Posted by: James Denman
ESB, SOA, SOA appliances, SOA development, SOA infrastructure
SOA is still going strong. Businesses that already use SOA are expanding their SOA initiatives and new businesses are starting to adopt SOA and to implement SOA technologies. The first-time SOA infrastructure purchase is shifting from ESBs to other technologies.
According to a recent survey from Forrester analytics, SOA “still has strong penetration and high satisfaction rates.” About 75% of enterprise respondents and 80% of small to midsized businesses that responded are planning on expanding their use of SOA. Back in 2009, the Global 200 enterprises had shown a drop in satisfaction. Only 18% responded that SOA was meeting all or most of their expectations. In 2010, this number rose to 33%, which is more in line with earlier years.
The utilities/telecom sector and the financial/insurance sector are still leading other verticals in terms of SOA adoption and satisfaction. Healthcare and public sectors still trail behind the rest of the pack. Geographically, North America and Europe show similar penetration patterns for SOA, but North America shows higher satisfaction rates.

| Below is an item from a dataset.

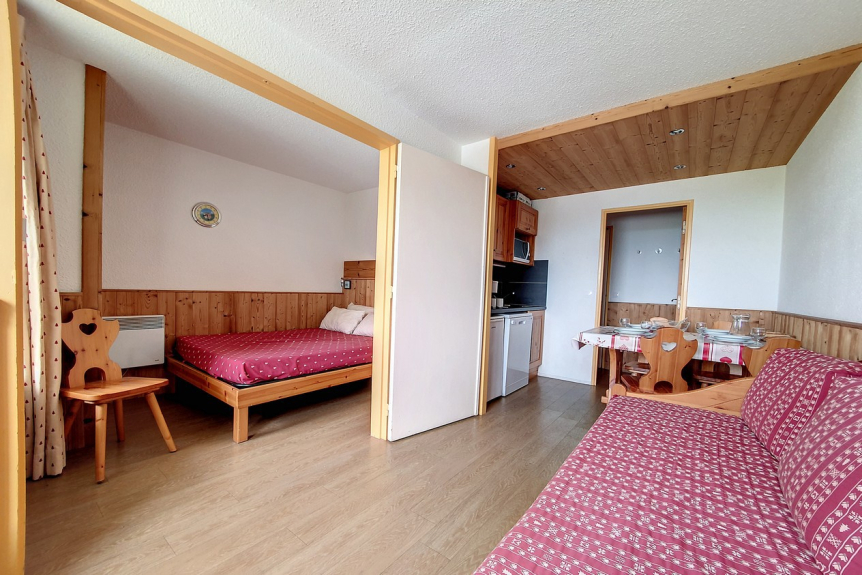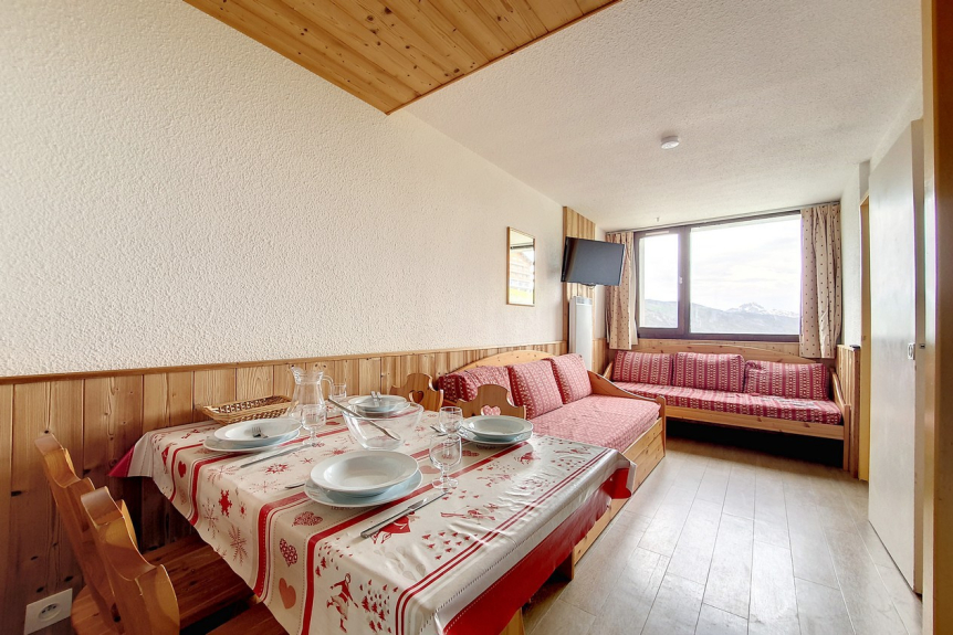 Kostenlose Parkplätze am Fuße des Gebäudes. Geschäfte und Skischule in der Nähe. Die Pisten sind 250 m entfernt.

Probably the most interesting finding of the survey is that interest in ESBs – which have been seen as the starting point for SOA architecture – is actually declining. While in 2009, 48% of respondents who had only made a single SOA purchase had an ESB. In 2010, that number dropped to 39%. According to Forrester analyst Randy Hefner, the shift of focus away from ESBs stems from the increasing similarity of SOA specialty products (like SOA management tools and SOA appliances) as well as a desire to make SOA simpler and stronger.